SINGAPORE: Top oil exporter Saudi Arabia is expected to cut October prices for all grades sold to Asia, reflecting weak demand and a stronger Oman price marker, trade sources said on Monday.
Flagship Arab Light may also see the biggest cut in its official selling price (OSP) since February, a Reuters survey of four refiners showed.
Three of four respondents expect Arab Light's October OSP to be reduced by at least $1 a barrel, the biggest since a $1.30 cut in February.
Intermonth Dubai prices have flipped into contango until March 2015, reflecting weak prompt demand.
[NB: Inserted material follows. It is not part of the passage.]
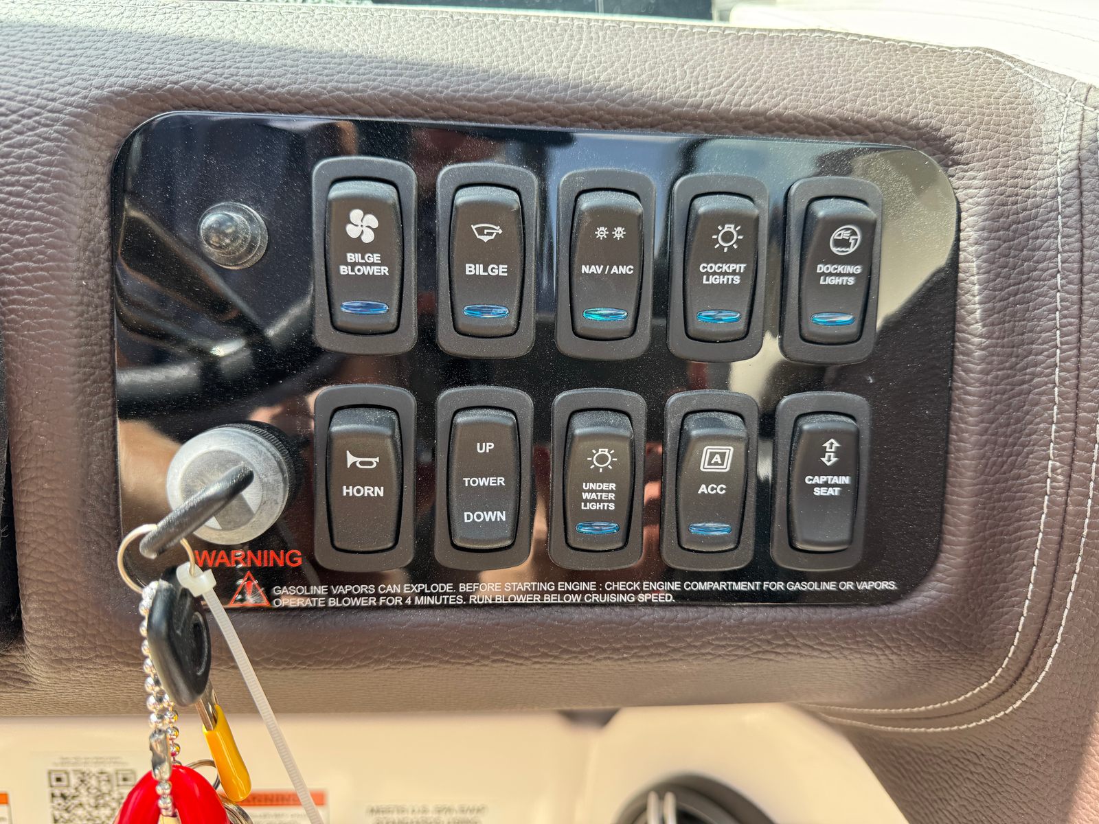 At the heart of the Regal LS4 is a robust Volvo V8 350 EVC2 DP CAT engine, delivering an impressive 350 horsepower. With just one engine hour, this boat is essentially brand new and primed for adventure. The advanced engine technology ensures smooth acceleration, responsive handling, and efficient fuel consumption, making every ride exhilarating yet economical. The dual propeller drive system enhances maneuverability, allowing you to navigate tight marinas or open waters with confidence. Whether you are towing water toys, cruising at high speeds, or simply enjoying a leisurely ride, the LS4’s performance capabilities are sure to impress.

In a contango structure, prompt prices are lower than those in future months.
The spread between the first and third month flipped to a 50-cent contango in August versus a backwardation of 71 cents in July, a trader said.
The OSP cuts will also be amplified by a stronger Oman price marker against Dubai in the past month, a second trader said.
In the past month, Middle East crude for October loading mostly traded at discounts to their OSPs or to Dubai as Asian refiners cut output on weak margins and opted for cheaper supply from Russia, West Africa and Latin America.
"Demand is weak and it needs time to recover," a second trader said.
While margins for oil products in Asia have improved recently, refiners would need to assess their profits over a longer period in order to be confident enough to increase output, he said.
Saudi crude OSPs are usually released around the fifth of each month, and set the trend for Iranian, Kuwaiti and Iraqi prices.
State oil giant Saudi Aramco sets its crude prices based on recommendations from customers and after calculating the change in the value of its oil over the past month, based on yields and product prices.